REQUIRED WORK:
Please copy the lines below, exactly as they are, from the one with "- Ab sponge" through the one with "Baromètre en résine", and leave out the pictures.

Data items:
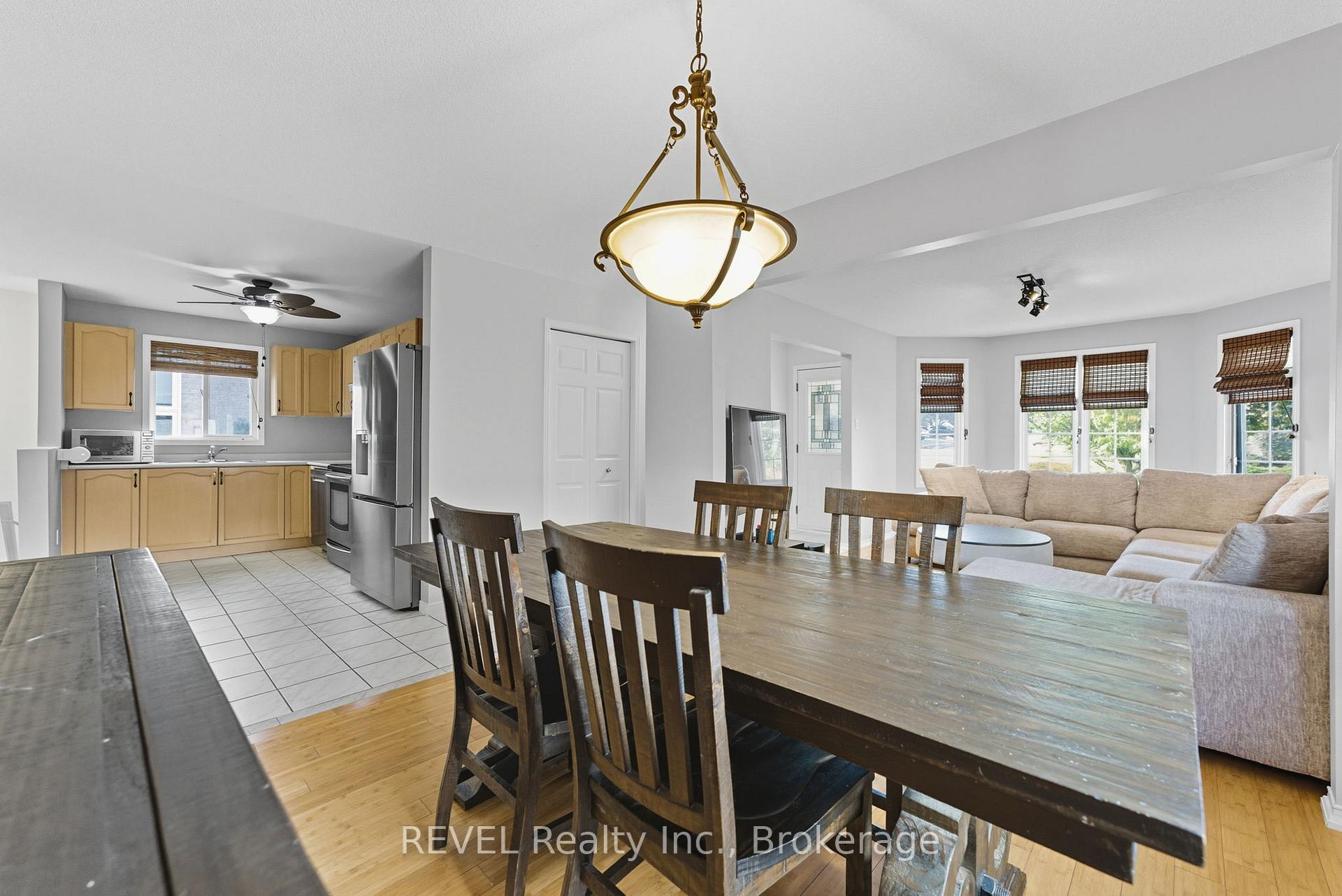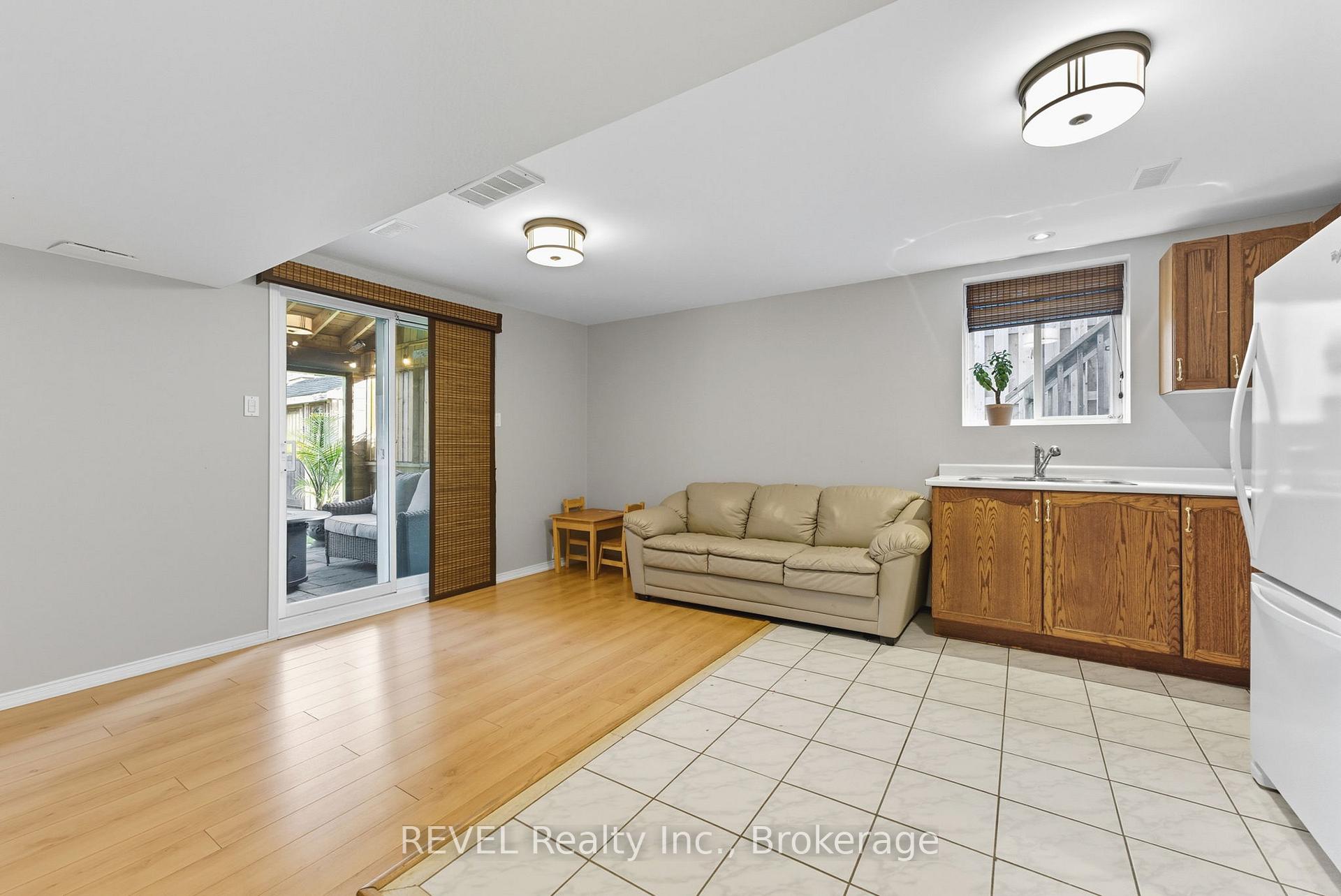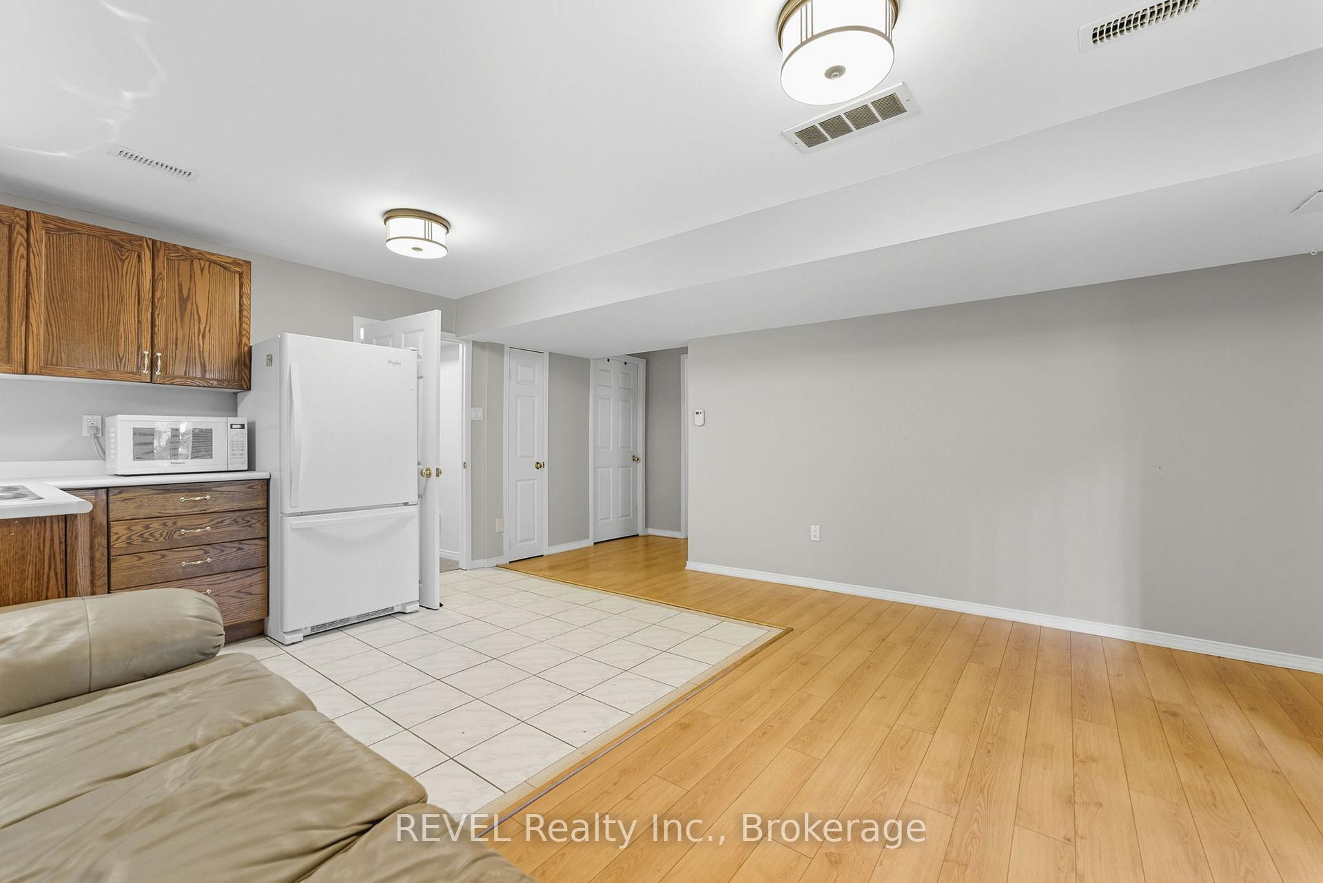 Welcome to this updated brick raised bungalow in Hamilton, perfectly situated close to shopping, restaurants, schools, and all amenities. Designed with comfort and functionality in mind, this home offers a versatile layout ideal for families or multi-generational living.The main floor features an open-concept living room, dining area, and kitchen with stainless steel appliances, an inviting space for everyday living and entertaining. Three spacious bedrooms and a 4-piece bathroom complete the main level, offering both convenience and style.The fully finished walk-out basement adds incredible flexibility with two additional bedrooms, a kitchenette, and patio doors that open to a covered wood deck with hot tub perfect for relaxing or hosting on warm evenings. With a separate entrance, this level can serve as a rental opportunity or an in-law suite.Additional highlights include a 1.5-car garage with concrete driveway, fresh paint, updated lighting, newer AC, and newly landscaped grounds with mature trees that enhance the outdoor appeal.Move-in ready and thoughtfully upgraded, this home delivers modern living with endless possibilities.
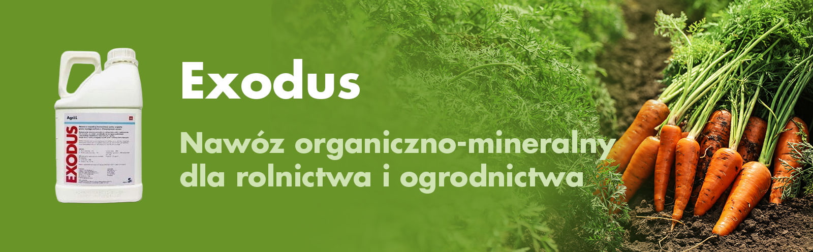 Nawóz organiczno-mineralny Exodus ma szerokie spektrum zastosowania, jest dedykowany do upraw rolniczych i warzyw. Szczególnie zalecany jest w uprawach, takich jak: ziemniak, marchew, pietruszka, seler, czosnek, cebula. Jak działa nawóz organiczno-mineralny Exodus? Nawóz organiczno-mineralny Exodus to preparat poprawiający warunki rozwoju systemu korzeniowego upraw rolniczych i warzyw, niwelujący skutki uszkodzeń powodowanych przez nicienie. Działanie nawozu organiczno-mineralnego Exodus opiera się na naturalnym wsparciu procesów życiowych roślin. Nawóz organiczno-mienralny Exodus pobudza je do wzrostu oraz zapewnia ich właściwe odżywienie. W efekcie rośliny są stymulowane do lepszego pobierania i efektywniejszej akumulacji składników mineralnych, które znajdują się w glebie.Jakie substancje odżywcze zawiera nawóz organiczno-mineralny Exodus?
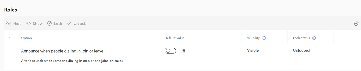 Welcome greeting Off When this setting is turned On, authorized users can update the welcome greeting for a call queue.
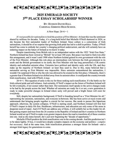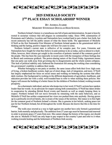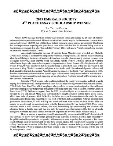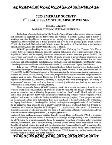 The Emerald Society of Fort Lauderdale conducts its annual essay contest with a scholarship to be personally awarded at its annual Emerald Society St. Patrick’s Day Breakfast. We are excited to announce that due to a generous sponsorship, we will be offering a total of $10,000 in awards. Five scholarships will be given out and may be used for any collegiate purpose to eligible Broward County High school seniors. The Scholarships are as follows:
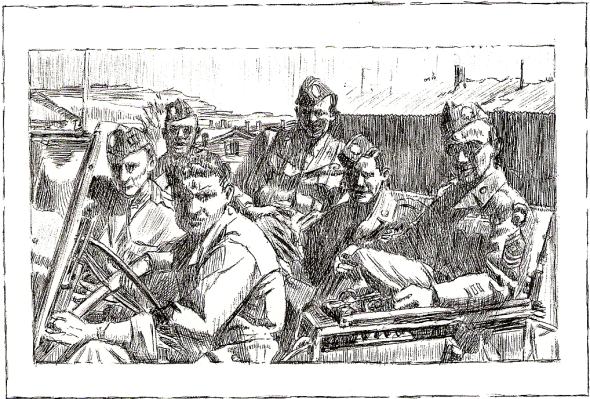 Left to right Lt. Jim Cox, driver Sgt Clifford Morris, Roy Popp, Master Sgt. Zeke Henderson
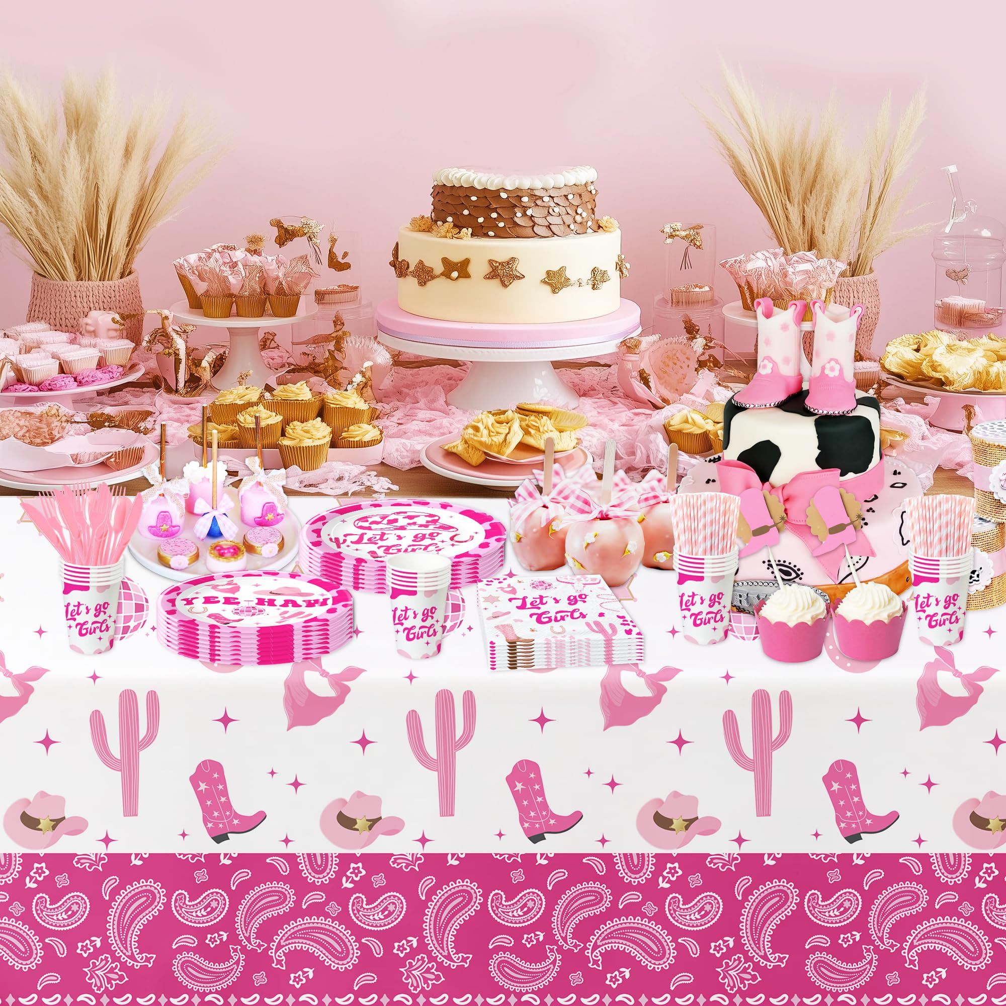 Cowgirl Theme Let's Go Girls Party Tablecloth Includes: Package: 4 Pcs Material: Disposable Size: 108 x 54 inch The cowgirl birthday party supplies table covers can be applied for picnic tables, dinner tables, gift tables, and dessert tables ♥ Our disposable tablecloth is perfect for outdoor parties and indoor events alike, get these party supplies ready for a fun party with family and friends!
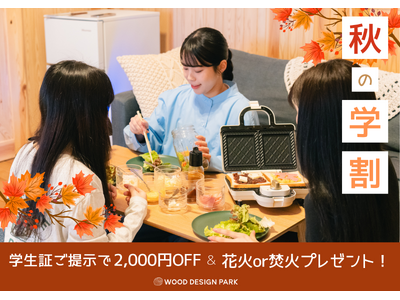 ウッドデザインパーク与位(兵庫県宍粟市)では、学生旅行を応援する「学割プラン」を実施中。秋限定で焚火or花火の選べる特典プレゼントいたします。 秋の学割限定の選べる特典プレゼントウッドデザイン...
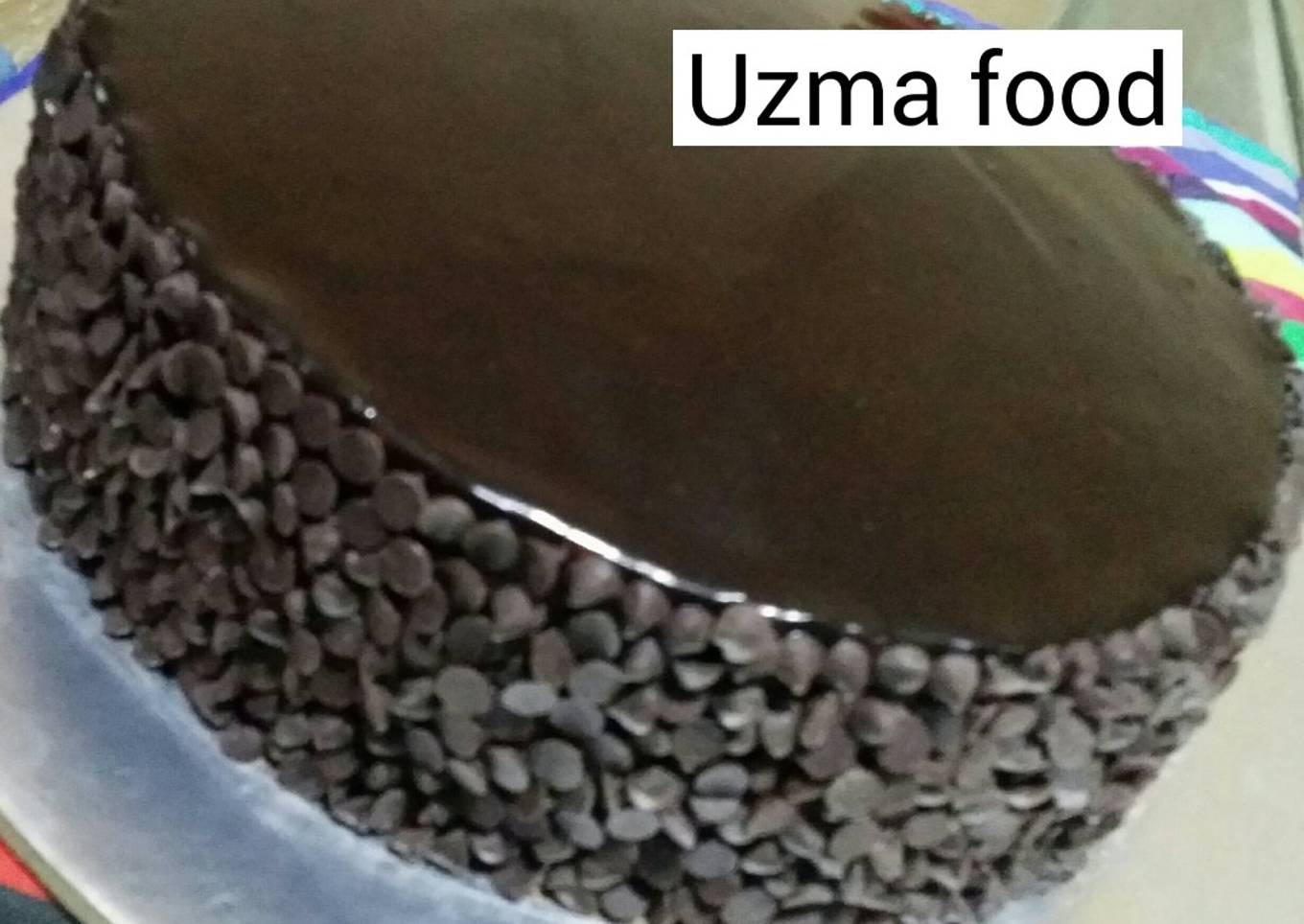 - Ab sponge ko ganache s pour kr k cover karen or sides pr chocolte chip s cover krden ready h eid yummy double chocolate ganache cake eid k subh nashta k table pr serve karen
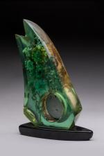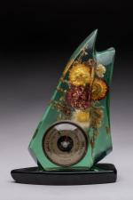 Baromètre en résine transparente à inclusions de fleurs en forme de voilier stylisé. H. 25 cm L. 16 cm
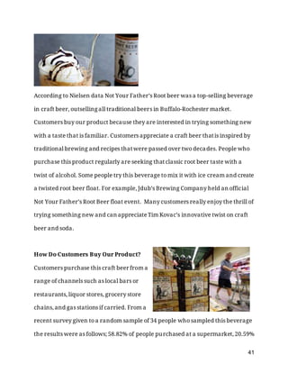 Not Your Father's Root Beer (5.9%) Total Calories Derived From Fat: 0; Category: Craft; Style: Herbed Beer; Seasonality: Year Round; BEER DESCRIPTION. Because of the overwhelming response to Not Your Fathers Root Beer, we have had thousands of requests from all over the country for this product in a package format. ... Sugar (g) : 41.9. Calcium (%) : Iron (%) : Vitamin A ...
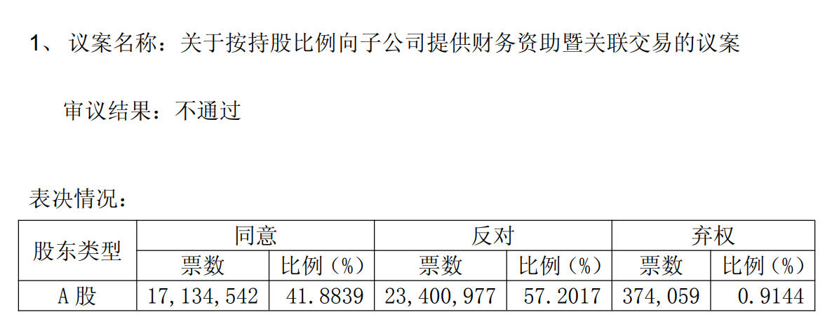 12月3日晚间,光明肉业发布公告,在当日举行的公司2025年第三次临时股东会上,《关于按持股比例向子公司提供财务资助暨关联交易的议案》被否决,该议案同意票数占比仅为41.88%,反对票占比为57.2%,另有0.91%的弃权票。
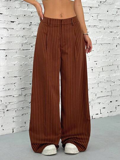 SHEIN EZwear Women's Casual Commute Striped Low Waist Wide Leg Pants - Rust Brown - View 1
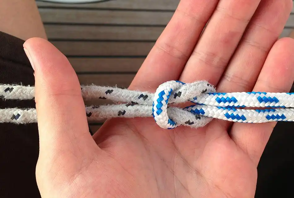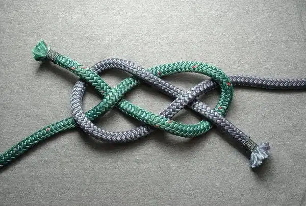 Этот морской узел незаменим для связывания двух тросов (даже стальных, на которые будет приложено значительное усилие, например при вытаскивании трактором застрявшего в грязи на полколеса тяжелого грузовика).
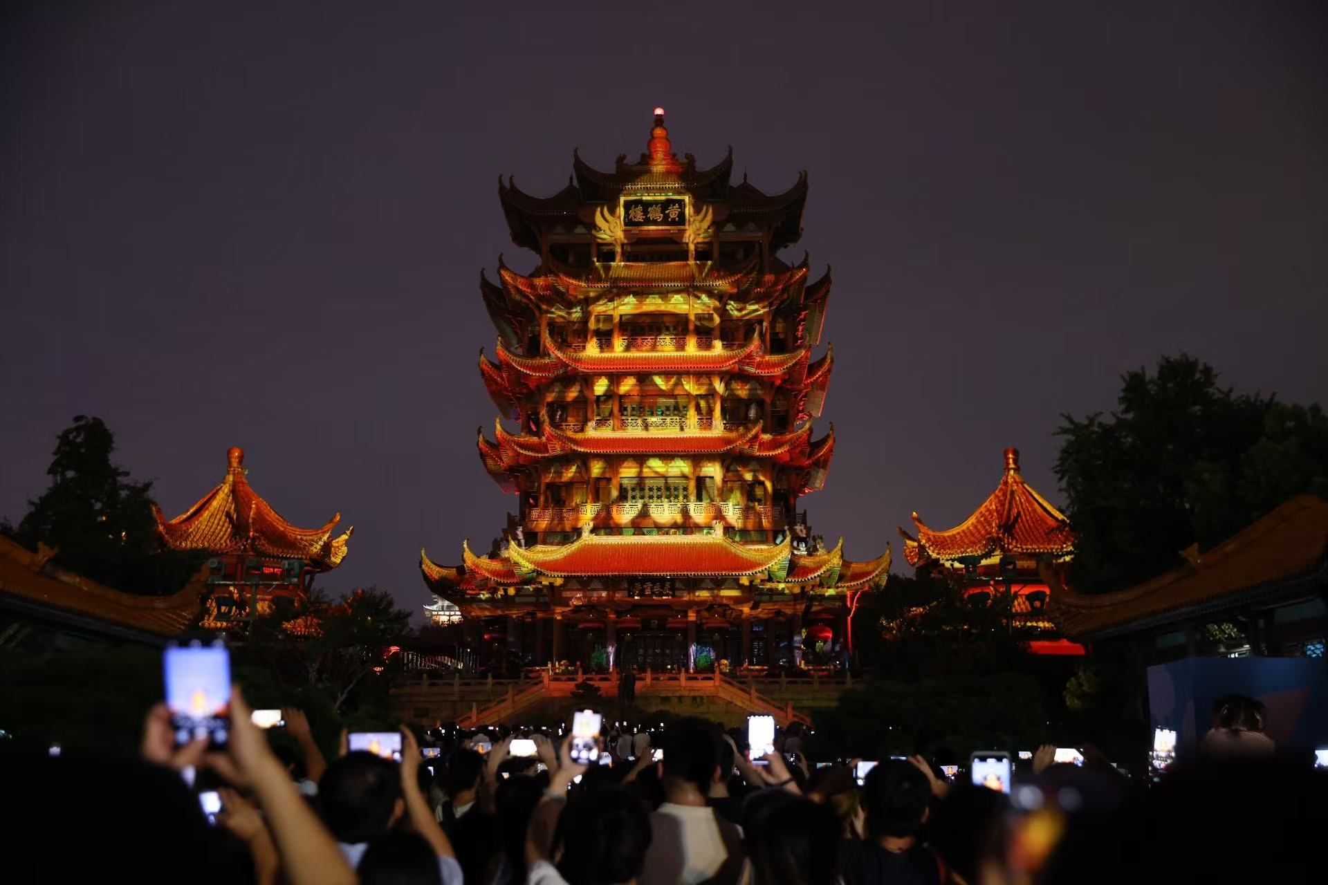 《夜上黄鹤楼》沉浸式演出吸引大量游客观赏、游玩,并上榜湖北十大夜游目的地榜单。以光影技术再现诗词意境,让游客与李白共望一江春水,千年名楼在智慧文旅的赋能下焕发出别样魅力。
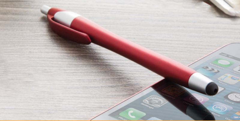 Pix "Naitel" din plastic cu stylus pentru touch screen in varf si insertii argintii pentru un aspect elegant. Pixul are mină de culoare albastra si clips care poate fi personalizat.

WRITTEN SOLUTION:
 - Ab sponge ko ganache s pour kr k cover karen or sides pr chocolte chip s cover krden ready h eid yummy double chocolate ganache cake eid k subh nashta k table pr serve karen
 Baromètre en résine transparente à inclusions de fleurs en forme de voilier stylisé. H. 25 cm L. 16 cm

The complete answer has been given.